=== WHAT YOU ARE ASKED TO DO ===
In the entries below, begin at the line that has "Слайд 10Евгений Абрамович" and stop after the line that has "グリーン×黒×レッド レディース チェック柄/フリル/変形デザイン"; output those lines exactly, leaving out pictures.

Top of DATA LISTING

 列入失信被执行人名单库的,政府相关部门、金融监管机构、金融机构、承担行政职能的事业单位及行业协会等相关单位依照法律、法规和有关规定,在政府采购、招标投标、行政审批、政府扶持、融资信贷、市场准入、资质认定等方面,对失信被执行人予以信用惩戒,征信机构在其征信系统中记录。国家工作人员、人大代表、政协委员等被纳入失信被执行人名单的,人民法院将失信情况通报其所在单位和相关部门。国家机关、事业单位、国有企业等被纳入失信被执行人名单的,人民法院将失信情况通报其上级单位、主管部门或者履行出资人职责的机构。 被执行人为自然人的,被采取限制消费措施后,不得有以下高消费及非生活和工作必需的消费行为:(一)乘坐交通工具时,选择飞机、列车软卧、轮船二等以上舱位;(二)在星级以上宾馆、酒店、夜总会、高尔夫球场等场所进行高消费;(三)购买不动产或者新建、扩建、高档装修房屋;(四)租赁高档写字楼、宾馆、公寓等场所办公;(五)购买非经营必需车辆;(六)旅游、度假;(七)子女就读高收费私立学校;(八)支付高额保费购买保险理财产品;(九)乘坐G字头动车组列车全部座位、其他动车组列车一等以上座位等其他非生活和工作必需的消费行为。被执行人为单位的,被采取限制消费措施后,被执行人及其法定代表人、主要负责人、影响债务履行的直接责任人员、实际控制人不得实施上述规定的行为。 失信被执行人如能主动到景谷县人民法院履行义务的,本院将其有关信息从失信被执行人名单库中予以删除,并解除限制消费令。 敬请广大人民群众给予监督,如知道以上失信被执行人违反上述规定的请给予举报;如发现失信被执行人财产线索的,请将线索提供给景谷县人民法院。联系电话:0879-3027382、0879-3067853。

Bottom of DATA LISTING
Top of DATA LISTING

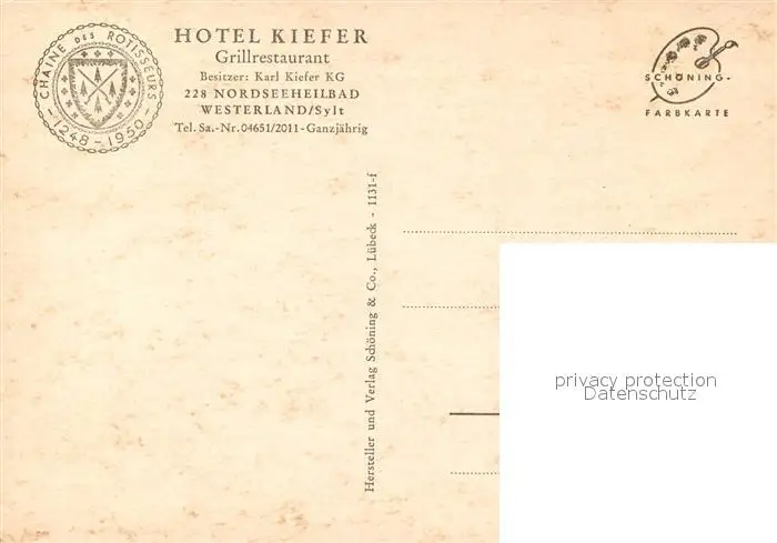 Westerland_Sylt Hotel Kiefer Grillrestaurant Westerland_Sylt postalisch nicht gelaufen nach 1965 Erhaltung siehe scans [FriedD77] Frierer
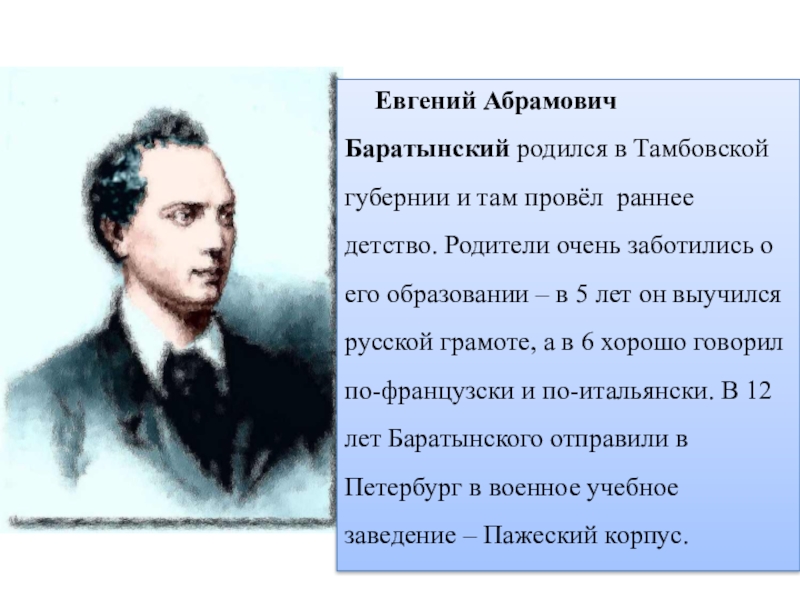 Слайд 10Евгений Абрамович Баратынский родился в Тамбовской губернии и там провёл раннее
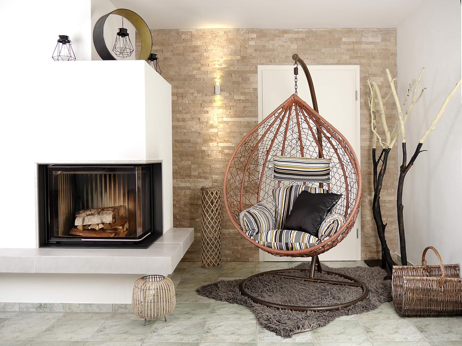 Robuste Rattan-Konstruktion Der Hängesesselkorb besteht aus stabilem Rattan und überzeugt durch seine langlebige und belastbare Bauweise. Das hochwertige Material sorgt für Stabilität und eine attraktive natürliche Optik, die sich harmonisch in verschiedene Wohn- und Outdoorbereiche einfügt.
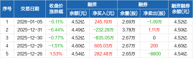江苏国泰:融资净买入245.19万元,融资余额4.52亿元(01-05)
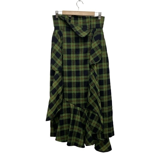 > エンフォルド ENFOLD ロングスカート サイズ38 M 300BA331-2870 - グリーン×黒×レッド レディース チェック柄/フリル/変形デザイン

Bottom of DATA LISTING

=== EXPECTED OUTPUT ===
 Слайд 10Евгений Абрамович Баратынский родился в Тамбовской губернии и там провёл раннее
 Robuste Rattan-Konstruktion Der Hängesesselkorb besteht aus stabilem Rattan und überzeugt durch seine langlebige und belastbare Bauweise. Das hochwertige Material sorgt für Stabilität und eine attraktive natürliche Optik, die sich harmonisch in verschiedene Wohn- und Outdoorbereiche einfügt.
江苏国泰:融资净买入245.19万元,融资余额4.52亿元(01-05)
 > エンフォルド ENFOLD ロングスカート サイズ38 M 300BA331-2870 - グリーン×黒×レッド レディース チェック柄/フリル/変形デザイン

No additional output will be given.